• _Work order_:
Copy verbatim the span of lines beginning at the line that contains "uPVC double glazed" and ending with the final line of the data. Exclude pictures from the copy.

• _Dataset extract_:
• • •

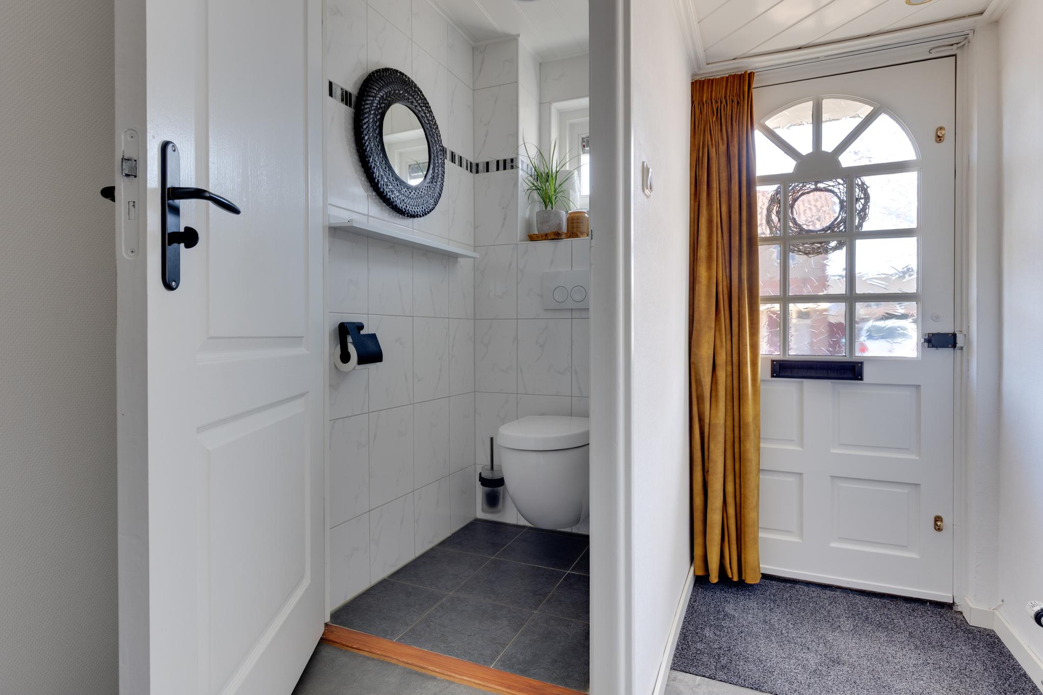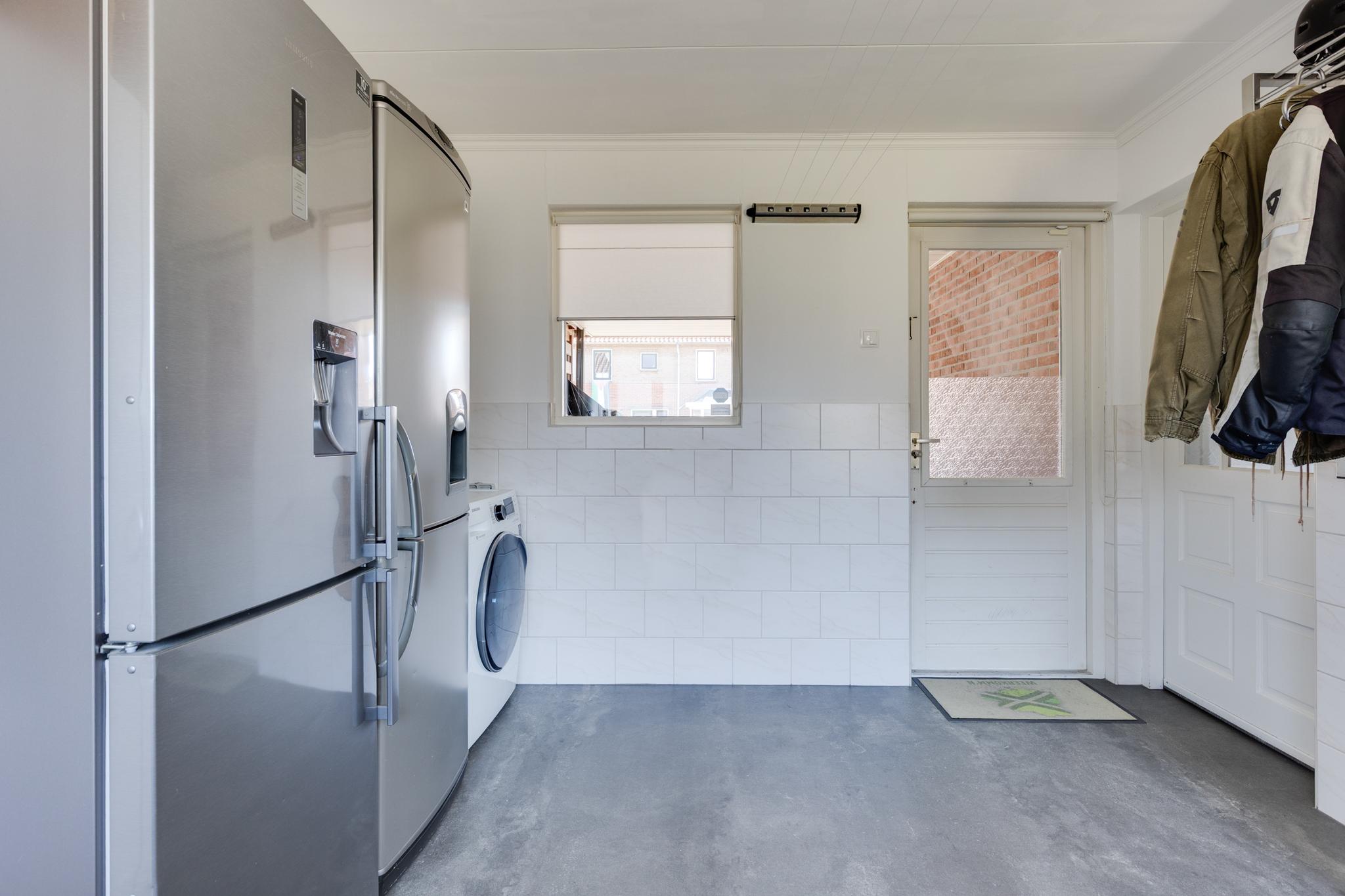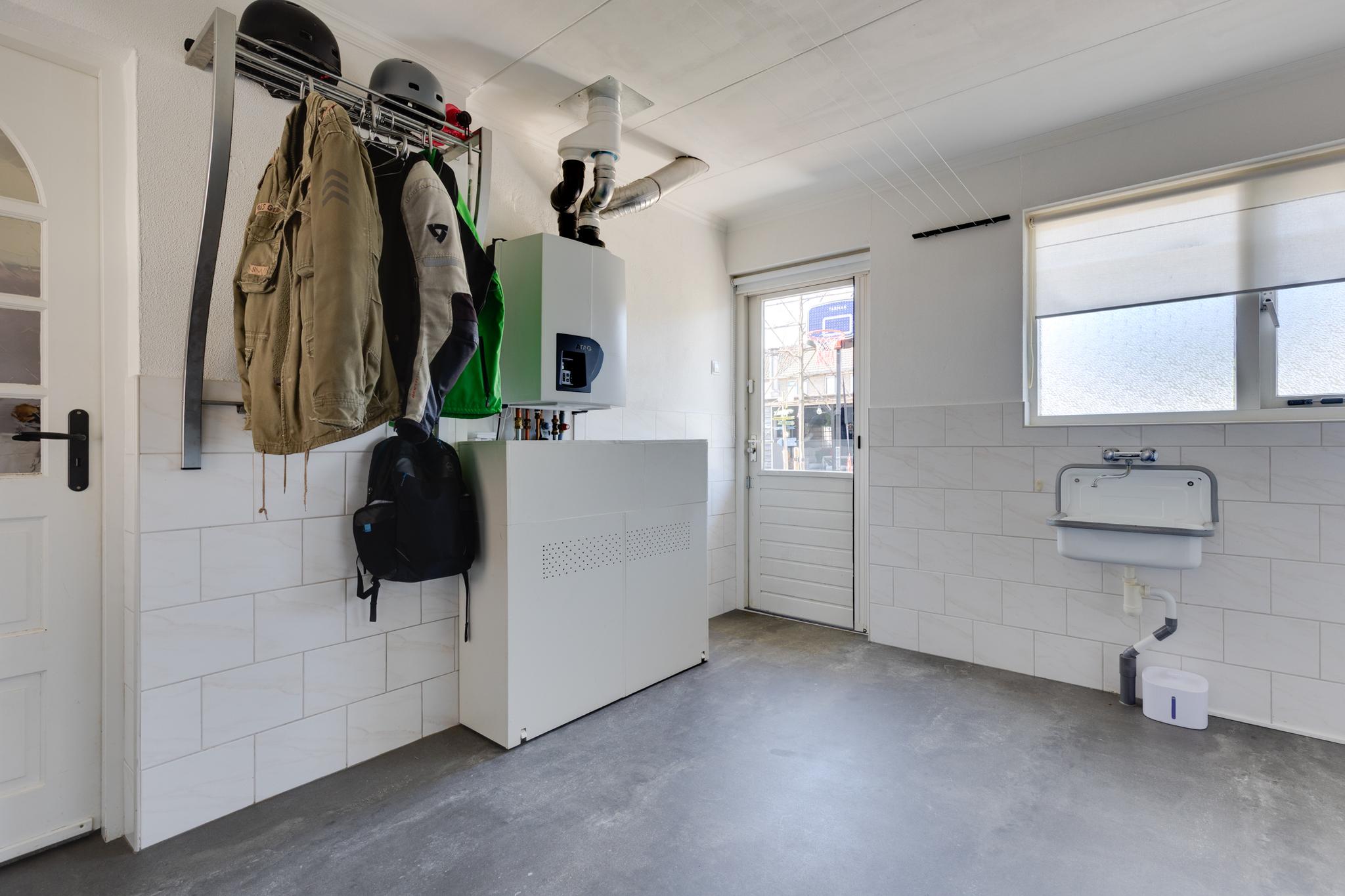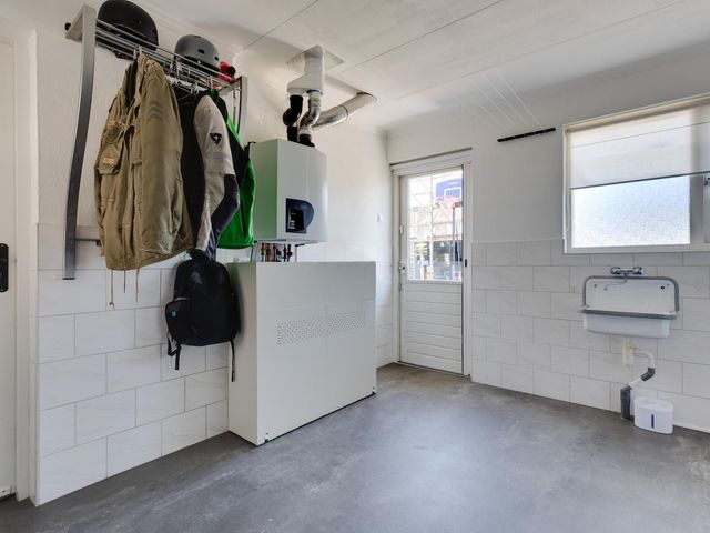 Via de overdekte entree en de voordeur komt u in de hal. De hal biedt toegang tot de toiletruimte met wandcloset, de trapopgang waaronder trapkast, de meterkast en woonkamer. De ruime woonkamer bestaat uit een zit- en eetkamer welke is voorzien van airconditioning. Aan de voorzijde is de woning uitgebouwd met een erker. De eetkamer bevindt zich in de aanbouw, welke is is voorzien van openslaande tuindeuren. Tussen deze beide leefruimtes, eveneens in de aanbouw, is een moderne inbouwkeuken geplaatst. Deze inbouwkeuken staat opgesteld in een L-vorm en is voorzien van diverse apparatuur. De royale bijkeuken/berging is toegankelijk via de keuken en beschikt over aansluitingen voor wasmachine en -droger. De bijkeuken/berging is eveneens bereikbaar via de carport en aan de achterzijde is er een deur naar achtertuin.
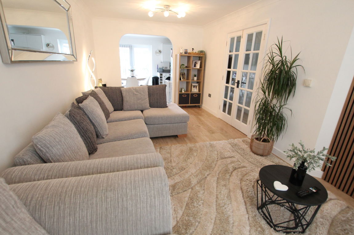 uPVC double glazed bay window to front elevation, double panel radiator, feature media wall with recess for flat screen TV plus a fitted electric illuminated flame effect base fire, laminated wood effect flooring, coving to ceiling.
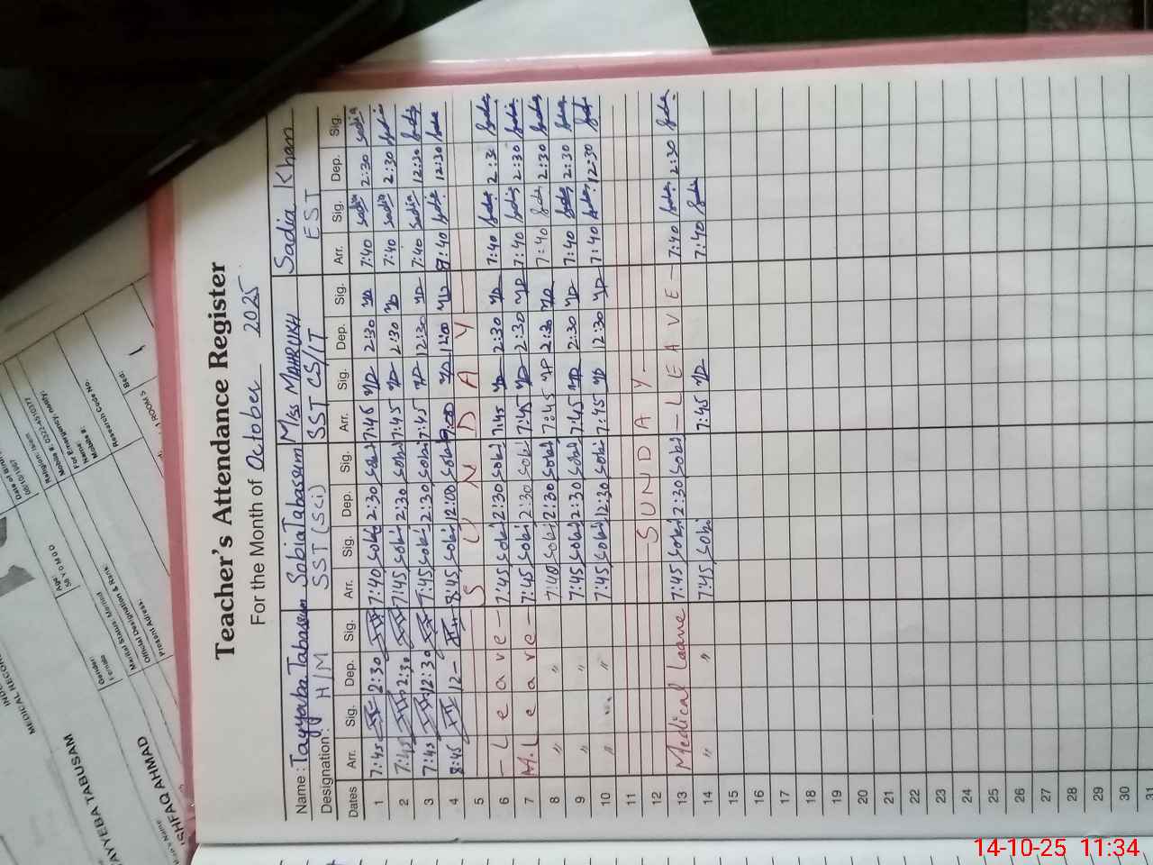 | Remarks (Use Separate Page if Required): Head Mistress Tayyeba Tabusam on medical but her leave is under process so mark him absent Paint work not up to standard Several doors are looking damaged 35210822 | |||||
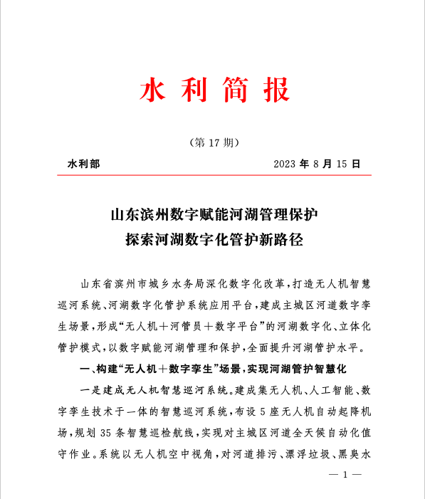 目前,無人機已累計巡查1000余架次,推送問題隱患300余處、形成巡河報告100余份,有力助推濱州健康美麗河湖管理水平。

• • •

• _Task response_:
 uPVC double glazed bay window to front elevation, double panel radiator, feature media wall with recess for flat screen TV plus a fitted electric illuminated flame effect base fire, laminated wood effect flooring, coving to ceiling.
 | Remarks (Use Separate Page if Required): Head Mistress Tayyeba Tabusam on medical but her leave is under process so mark him absent Paint work not up to standard Several doors are looking damaged 35210822 | |||||
 目前,無人機已累計巡查1000余架次,推送問題隱患300余處、形成巡河報告100余份,有力助推濱州健康美麗河湖管理水平。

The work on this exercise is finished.